Congress political party

The Qaransoor Party (Xisbiga Qaransoor, حزب القرنصور), colloquially referred to as Q, is a political party established in Somalia on March 15, 2020. The party articulates its primary aim as the advocacy for political reform within Somalia, designed to advance national interests and uphold the country's unity and sovereignty.

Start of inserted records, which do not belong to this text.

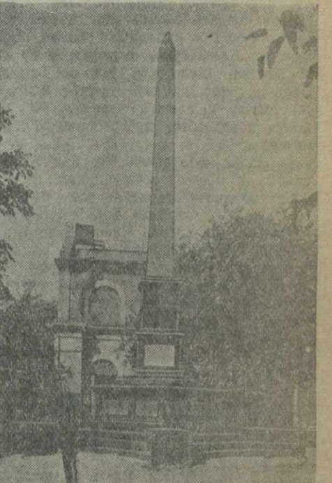
Завод имени СТАЛИНА. Обелиск, на котором отмечены годы революционной работы товарища СТАЛИНА среди рабочих Главных мастерских Закавказских железных дорог, (1898—1901 гг.).

План по выпуску паровозов из ремонта выполнен в январе на 104 процента и в феврале на 104 процента. По пассажирским вагонам в январе и феврале план выполнен на 100 процентов; по товарным вагонам в январе план выполнен на 102,3 процента, в феврале — на 101,6 процента; по электровозам в январе — на 100 процентов и в феврале — на 200 процентов.
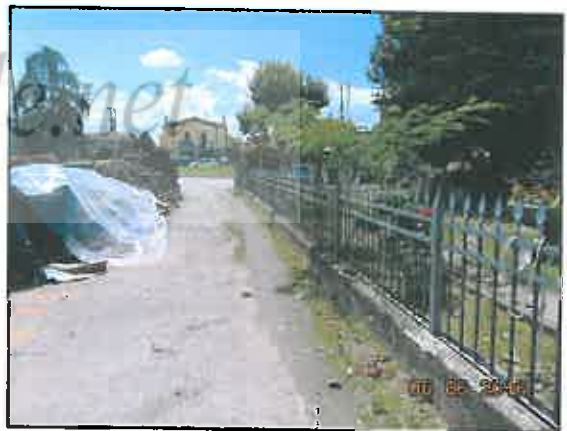
28. Recinzione lato Ovest
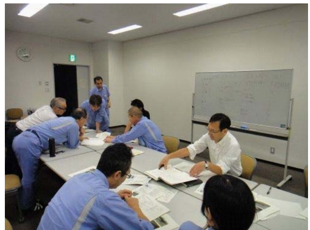
点検結果に基づく診断状況
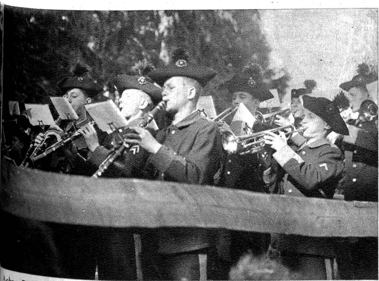
Achzig Buebe vo der Knabenmusik Bärn hei dene Hammegeglüt bis i d'Nacht die blase, piffe u trummet.
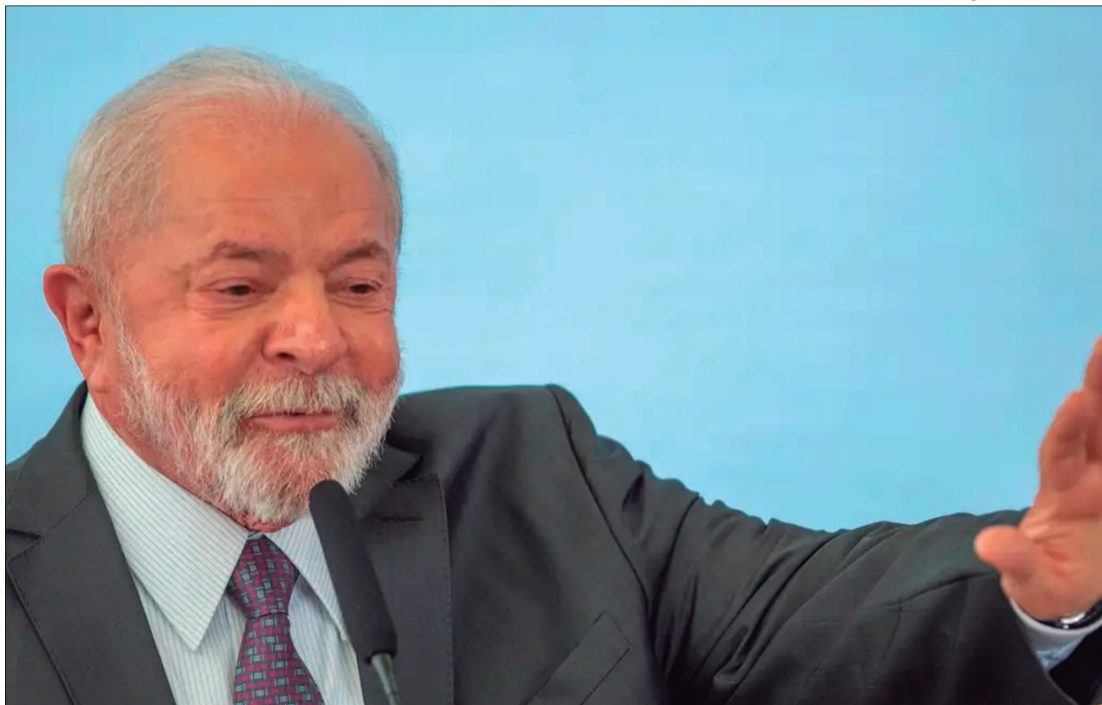
Lula segue como representante único no campo da esquerda

Com o ex-presidente Jair Bolsonaro (PL) fora da disputa, devido à condenação do Tribunal Superior Eleitoral (TSE) que o tornou inelegível, o campo direitista não apresenta um nome como unanimidade entre os eleitores. Com isso, diversos nomes são especulados na disputa presidencial, como o governador de Goiás, Ronaldo Caiado (União Brasil); o governador de São Paulo, Tarcísio de Freitas (Republicanos); o governador de Minas Gerais, Romeu Zema (Novo); o governador do Paraná, Ratinho Jú-

== Background and Party's vision ==
The Qaransoor Party received its party certificate from Independent National Electoral Commission (NIEC) chairperson Marbo Halima Ismail Ibrahim at NIEC headquarters in Mogadishu on October 7, 2020. Mohamed Aden Afrah (Maxamed Aadan ‘Afrax) is the current general secretary and Abdijabar Sheikh Ahmed Jibril (Cabdijabaar Sheekh Axmed Jibriil) is the current chairman.

Vision

The party's vision is a nation capable of self-sufficiency in both its economy and security, the development of the intelligence and military sectors, fighting against extremism, and the building of an education system based on academic and religious qualifications.

== Constitution ==
The party has a written constitution. A key part of the constitution is that the nation must participate in the restoration of Somali statehood, as well as political and social reform. According to the constitution, members must be healthy Somalis who fulfill the requirements of the charter. Membership cannot be handed down to another person. The full list of members is currently not available to the public.